Do you notice any other differences between Minitab's plot and our plot? Note that the leaves in Minitab's plot are ordered. That's right... Minitab orders the data before producing the plot, and thereby creating what is called an ordered stem-and-leaf plot.
Now, back to that first column of numbers appearing in Minitab's plot. That column contains what are called depths. The depths are the frequencies accumulated from the top of the plot and the bottom of the plot until they converge in the middle. For example, the first number in the depths column is a 1. It comes from the fact that there is just one number in the first (6) stem. The second number in the depths column is also a 1. It comes from the fact that there is 1 leaf in the first (6) stem and 0 leaves in the second (the first 7) stem, and so 1 + 0 = 1. The third number in the depths column is a 3. It comes from the fact that there is 1 leaf in the first (6) stem, 0 leaves in the second (the first 7) stem, and 2 leaves in the third (the second 7) stem, and so 1 + 0 + 2 = 3. Minitab continues accumulating numbers down the column until it reaches 32 in the last 9 stem. Then, Minitab starts accumulating from the bottom of the plot. The 5 in the depths column comes, for example, from the fact that there is 1 leaf in the last (14) stem, 1 leaf in the second 13 stem, 0 leaves in the first 13 stem, 1 leaf in the second 12 stem, and 2 leaves in the first 12 stem, and so 1 + 1+ 0 + 1 + 2 = 5.

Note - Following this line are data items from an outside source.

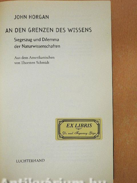 - V»Nach Jahrhunderten der Durchbrüche auf allen Gebieten zwischen Astronomie und Zoologie, so John Morgans pro-vokative Behauptung, sind die meisten großen Menschheitsfragen nach Ursprung und Aufbau von Leben und Kosmos gelöst - und die übrigen als unlösbar enttarnt Seit einigen Monaten sorgen Morgans Thesen_in Ameril<a für erregte Debatten inzwischen ist der Streit auf Europa übergeschwappt.« -Ci Der Spiegel
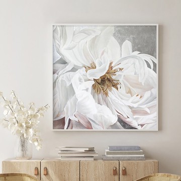 白牡丹畫作 原創藝術 花卉油畫 畫布花卉藝術品
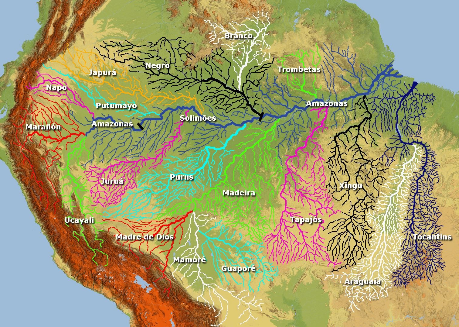 Слід відзначити одну з дивовижних рис Амазонки: у світі немає другої великої річки з такою великою кількістю кольорових вод. Вода р. Негру дуже темна, а р. Бранко — біла, як молоко; є потоки з жовтим, сірим, зеленуватим, червонуватим забарвленням.
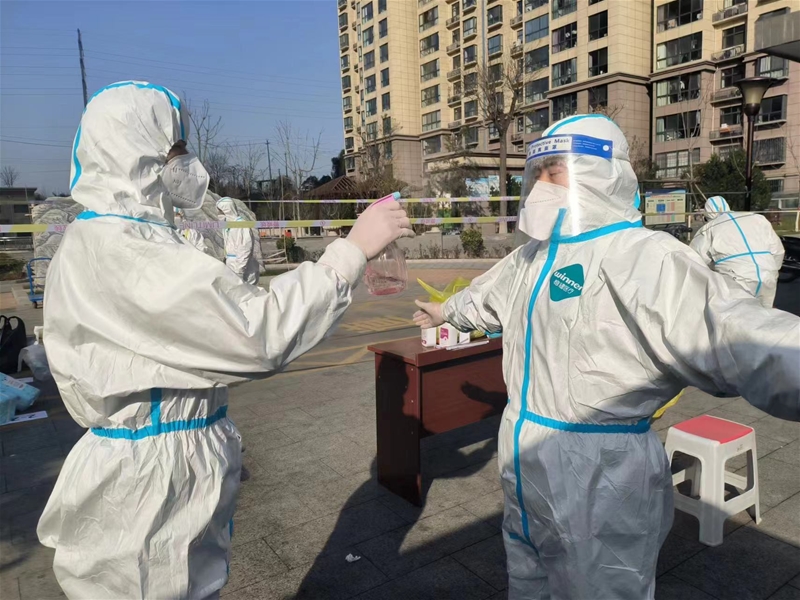 圖四:同晨妮:我的職責是早上6:00開始將核酸管的條碼貼好,做好核酸檢測前準備工作;6:30開始協(xié)助醫(yī)護人員做核酸,維護隊伍秩序;10:30核酸結束后,收拾清理核酸垃圾,將警戒帶及桌凳轉移到庫房,核酸檢測完對接收的隔離區(qū)域的物品及物資進行分類消殺和轉移,并幫助隔離住戶購買天然氣等,配合隔離區(qū)域做好防護工作。
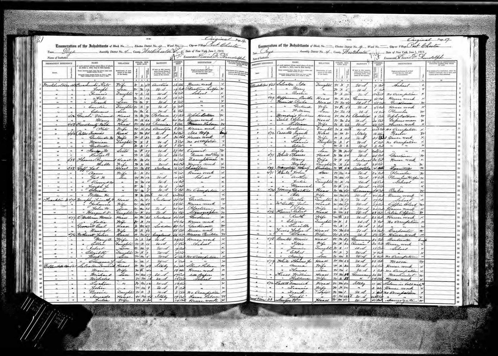 1910 U.S. census, Westchester County, New York, population schedule, Port Chester Village, ward 4, enumeration district 117, p. [147]-B [stamped], sheet 17 [penned], 471 Ellendale Avenue, dwelling 296, family 398, Thomas White [Head]; digital images, Ancestry.com (www.ancestry.com : accessed 27 February 2015); citing NARA microfilm publication T624, roll 1092.
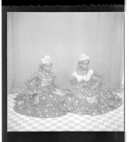 88. EAP449/2/8/88 Reference (shelfmark): EAP449/2/8/88 Title: Two women wearing dresses sitting face-forward on the ground in the studio. Collection Area: Endangered Archives Programme Languages: Not applicable Date Range: 2nd half od the 20th century Extent: 1 TIFF image
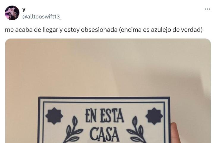 "Me acaba de llegar y estoy obsesionada (encima es azulejo de verdad)", ha tuiteado la usuaria, justo antes de adjuntar la imagen en la que se ve un azulejo decorativo en el que se puede leer: "En esta casa se escucha Taylor Swift".
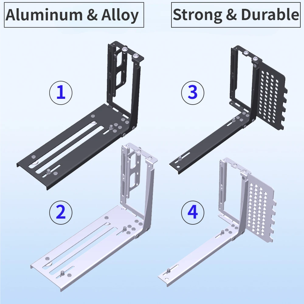 DIY aluminio 2 ranuras VGA tarjetas gráficas soporte Vertical Riser PCI E GPU Stent soporte montaje Kit para PC externo ATX CASE
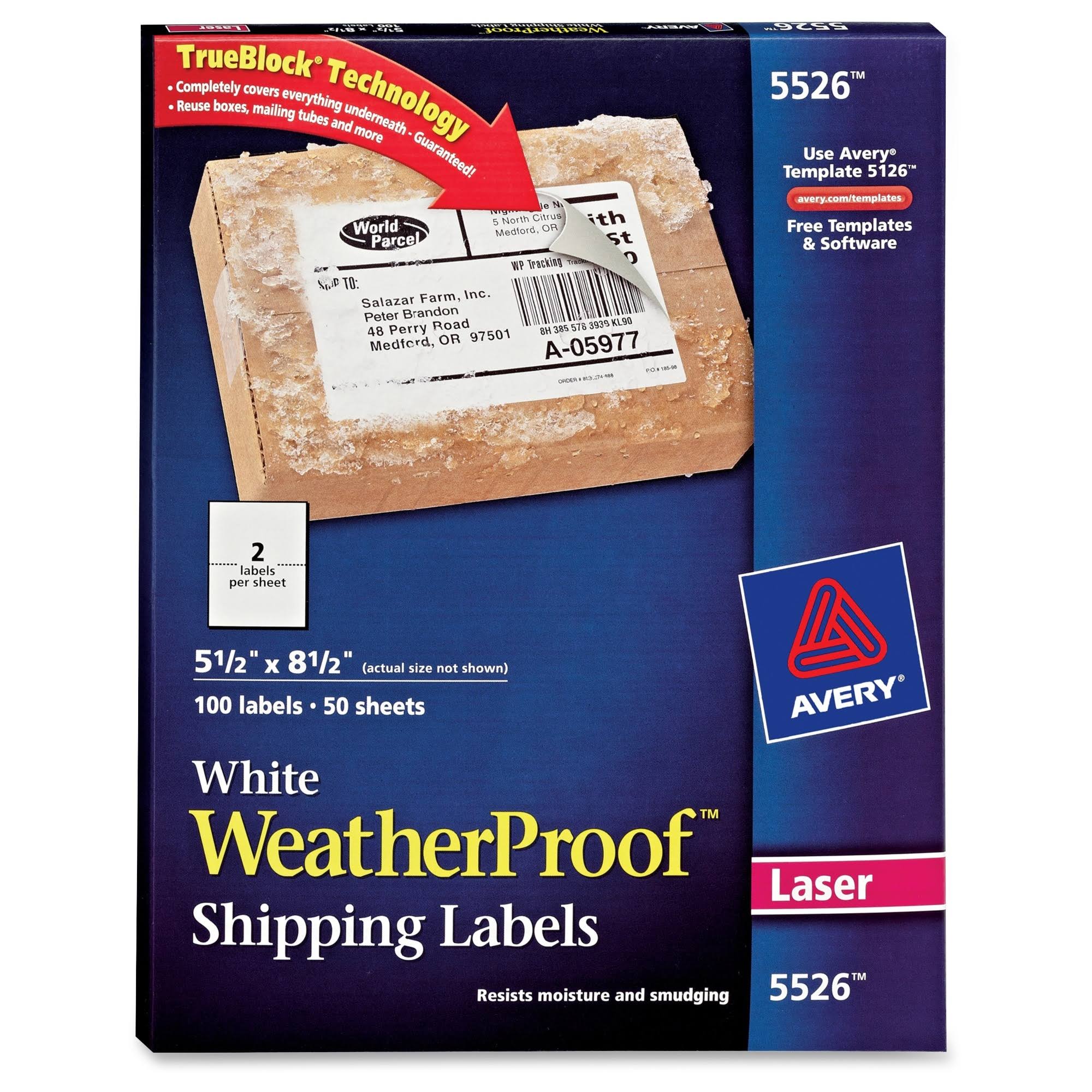 Avery 5526 Weatherproof Shipping Labels, 5-1/2 x 8-1/2 Inches, White, Pack of 100 - Megean

Let's take a look at another example.
Example 13-4 Section
Let's consider a random sample of 20 concentrations of calcium carbonate (\(CaCO_3\)) in milligrams per liter.

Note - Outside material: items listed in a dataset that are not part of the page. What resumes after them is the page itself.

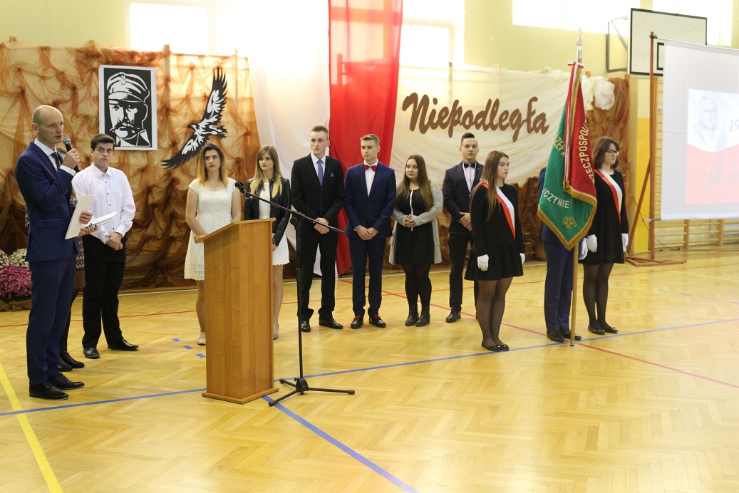 Tegoroczne obchody Święta Szkoły miały charakter patriotyczny. Podczas uroczystości Dyrektor ZSP – pan Krzysztof Małek przybliżył zebranym okoliczności odzyskania przez Polskę niepodległości, podkreślił również zasługi wybitnych postaci, których działalność wpłynęła na przyspieszenie tego procesu. Zebrani goście wygłosili okolicznościowe mowy, a Burmistrz Miasta i Gminy Zakliczyn – pan Dawid Chrobak podarował Szkole flagę od Prezydenta RP. |
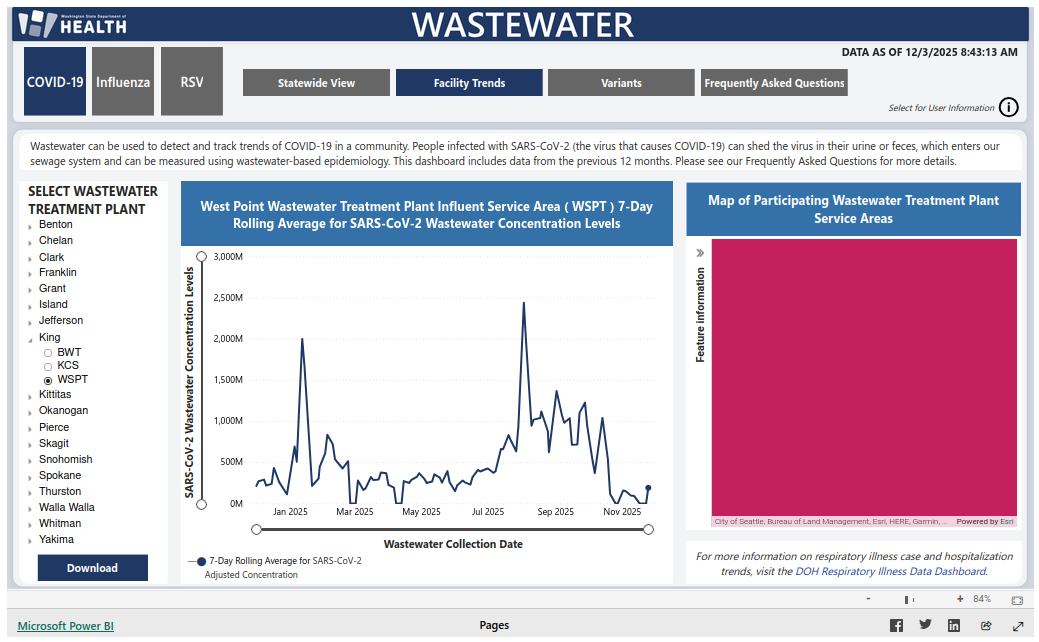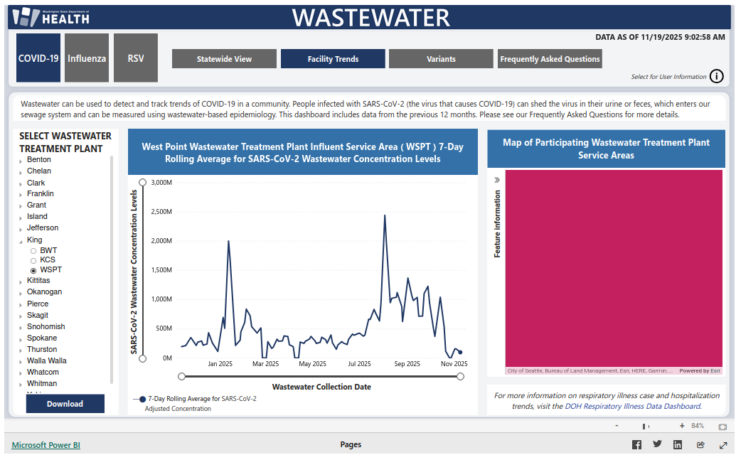 WSPT is one of three King County(-ish) sewersheds in this dataset. You can find overviews, individual sewershed results, and a breakdown of variants for the state wastewater surveillance program, along with other metrics like case counts and hospitalizations for Covid-19 and other respiratory illnesses, at https://doh.wa.gov/data-and-statistical-reports/diseases-and-chronic-conditions/communicable-disease-surveillance-data/respiratory-illness-data-dashboard#WasteWater. If you go to the page and click "learn more" in the statewide view tab, you can find out lots of details about how these data are calculated and how to interpret them. The dashboard gets updated every Wednesday (generally). The Department of Health is here on the fediweb, at @WADeptHealth
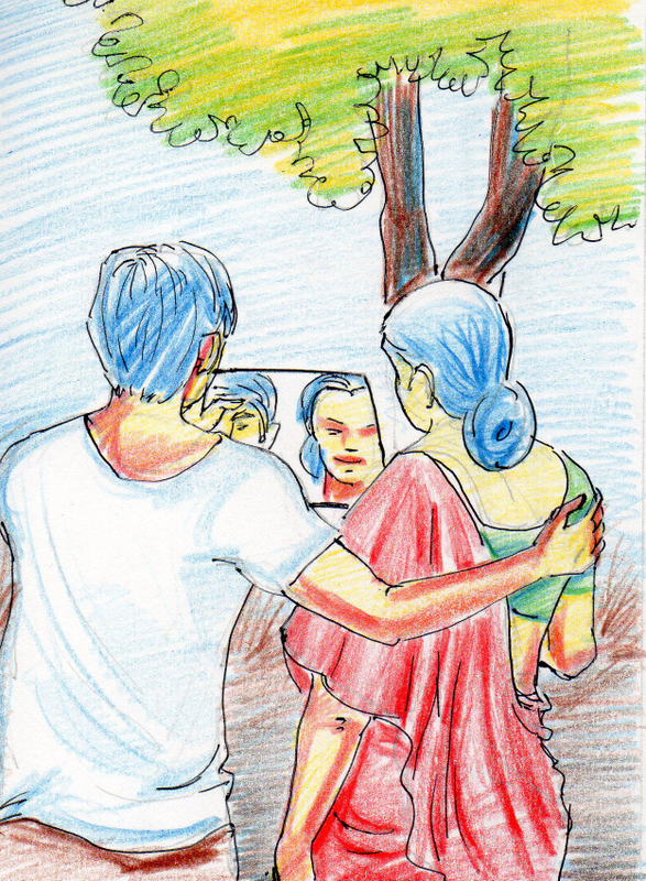 "ఊరుకో! అది మీ నాయన కాదు! నువ్వే!" అన్నది సిప్పి, సిగ్గు పడుతూ. అద్దంలో ఆమె కూడా సిగ్గుపడింది.
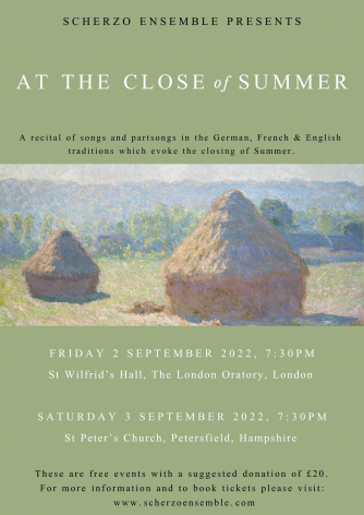 On September 2nd, as the summer draws to an end, Scherzo Ensemble will visit St Wilfrid's Hall, Kensington to present a recital of songs and partsongs selected along the theme of the changing season. The collective will perform vocal quartets and solo art songs in the German, French & English traditions each evoking the close of summer.
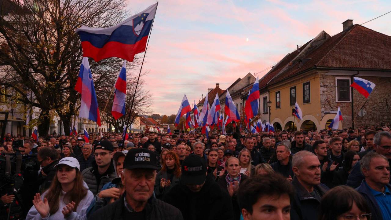 Na Glavnem trgu v Novem mestu občani spremljajo prenos izredne seje občinskega sveta. Župan Gregor Macedoni poudarja pomen dialoga in sodelovanja z državo pri razvoju mesta.
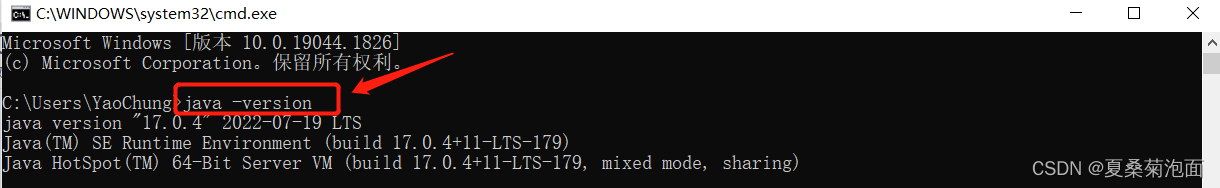 4.环境变量完成配置,进行验证是否成功:Win+R,输入cmd回车,在DOS界面输入java -version,未报错并能正常显示Java版本出来即配置成功!!!

130.8 | 129.9 | 131.5 | 131.2 | 129.5 | 132.7 | 131.5 | 127. | 133.7 |
132.2 | 134.8 | 131.7 | 133.9 | 129.8 | 131.4 | 12.8 | 132.7 | 132.8 |
131.4 | 131.3 |
Create a stem-and-leaf plot of the data.
Solution
Let's take the efficient route, as most anyone would likely be taken in practice, by letting Minitab generate the plot for us:
Minitab tells us that the leaf unit is 0.1, so that the stem of 127 and leaf of 8 represents the number 127.8. The depths column contains something a little different here, namely the 7 with parentheses around it. It seems that Minitab's algorithm for calculating the depths differs a bit here. It still accumulates the values from the top and the bottom, but it stops in each direction when it reaches the row containing the middle value (median) of the sample. The frequency of that row containing the median is simply placed in parentheses. That is, the median of the 20 numbers is 131.45. Therefore, because the 131 stem contains 7 leaves, the depths column for that row contains a 7 in parentheses.
In our previous example, the median of the 64 IQs is 99.5. Because 99.5 falls between two rows of the display, namely between the stems 99 and 100, Minitab calculates the depths instead as described in that example, and omits the whole "parentheses around the frequency of the median row" thing.